Institutionen för datavetenskap: Grid: arkitekturer, programvaror och tillämpningar

Assignment 2 - A fault tolerant high-throughput PSE

Due: 2007-02-08 (design) 2007-03-09 (report)

Introduction

The purpose of this assignment is to give practical experience of Globus programming. The assignment covers a broad range of GT4 services and protocols, including information services, job submission, data transfer, and security. An additional purpose of the assignment is for you to gain deeper understanding of resource discovery, scheduling, and secure communication. The assignment will also highlight the benefits and drawbacks of programming for the Grid. The assignment shall be solved in groups of two students.

Specification

Your task is to implement a system for solving embarrassingly parallel problems on the Grid using a master-worker approach. The overall goal of the system is to solve the problem as quickly as possible. The problem can be selected freely, as long as it fulfills the following requirements:

Must be embarrassingly parallel, i.e., the problem must be decomposable into subproblems that can be independently solved. Preferably, the size of the subproblems should be variable, enabling adjustment of the execution time required to solve a subproblem.
The overall solution is obtained by combining the solutions to the subproblems.
The problem must be computationally intense, and should preferably generate large amounts of output data, and/or require large amounts of input data.

Two suggested problems:

You are of course allowed (and even encouraged) to solve a problem of your own choice. Notify your choice of problem to the assistants.

Architectural overview

The system consists of a client and a problem solving environment. Conceptually, the problem solving environment can be decomposed into three modules, a problem solver, a node program and a resource broker.

The problem solver partitions the problem into subproblems, requests appropriate Grid resources from the resource broker, and submits jobs solving the subproblems to the selected Grid resources. When working on a problem, the problem solver updates the client of the progress using notifications. Once all subproblems are solved, the problem solver generates the solution to the overall problem from the solutions of the subproblems.

The node program solves one subproblem on a Grid resource selected by the broker, i.e., the node program will be submitted in a job to the Grid resource. Note that the focus of this assignment should be on the resource broker and the problem solver, do not spend much time implementing a node program.

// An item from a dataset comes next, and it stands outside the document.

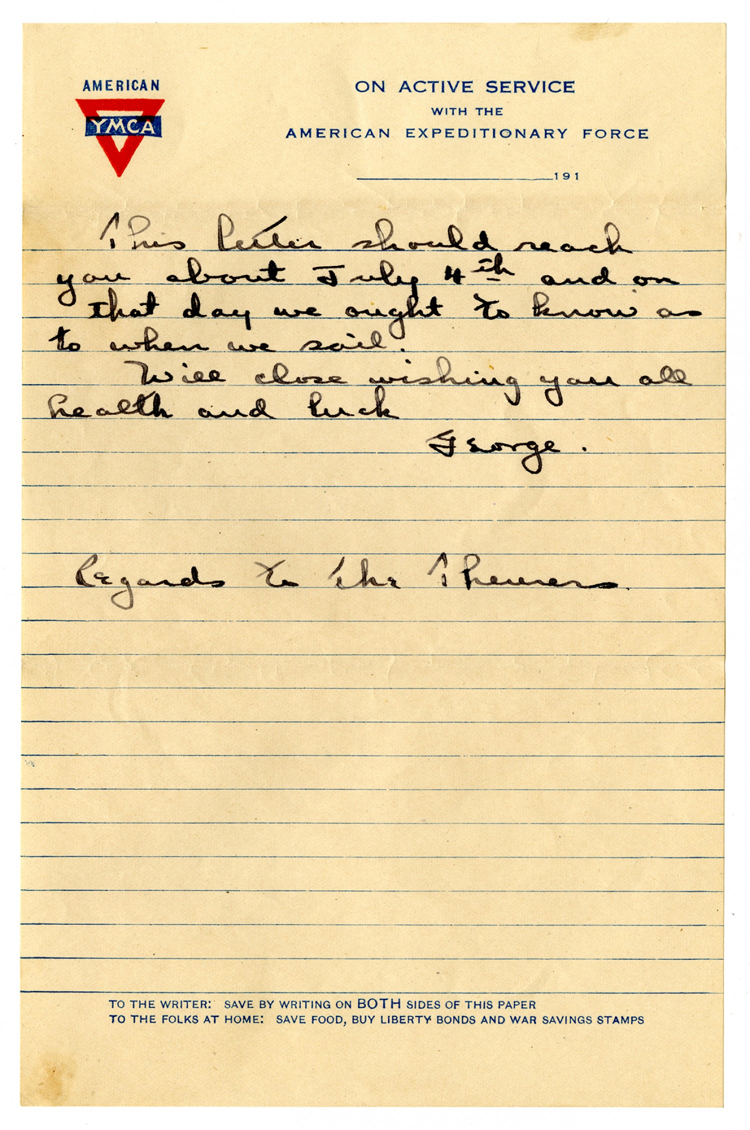 This letter should reach you about July 4th and on that day we ought to know as to when we sail. Will close wishing you all health and luck George. Regards to the Theurers

The resource broker finds available Grid resources, classifies which of those are appropriate for running the node program and selects a resource for the subproblem. When selecting resources, the broker must consider both the current load of the resource and the performance of jobs previously executed on that resource. The latter includes both the execution times of the jobs and the ratio of the jobs that have failed. Carefully describe and motivate your resource selection algorithm in the report. One must also consider how often the resource broker should retrieve new MDS information. Too frequent updates result in large overhead, while too infrequent updates may result in poor resource selection. The broker should furthermore be able to stage files to and from the Grid resources.

The below picture shows one possible decomposition of the system into modules. Other decompositions are possible.

Requirements

The implemented system must meet the following requirements.

The system should be implemented in Java. Scripting languages are only allowed for very limited purposes. Those adventurously minded may, after discussion with the teaching assistents, use C/C++. Support and documentation are however limited for these languagese.
GridFTP must be used for all file transfers, i.e., you may not use the built-in filestaging mechanism in RSL.
All communication between modules must be authenticated.
There must be a configurable upper limit for the number of concurrently submitted jobs. The problem solver is not allowed to submit all subproblems at once and await their completion. The maximum number of active job submissions could, e.g., be limited by a command-line argument or through service configuration. (No hard-coded limit!)
The system must recover from failures in solving a subproblem. This can be done by resubmitting a new job for the subproblem. For more fine-grained error recovery techniques, see the non-mandatory extensions.
The system must avoid overloading the Grid. You are not allowed to submit new jobs to a machine with too high load. The maximum allowed load must be configurable upon system startup. One possible value for the maximum allowed load is to allow five queued jobs for each resource CPU.
As work with a problem progesses, notifications should be sent to the client. At a minimum, notifications should be sent when a subjob starts or completes.

The system must gather the following data during its execution.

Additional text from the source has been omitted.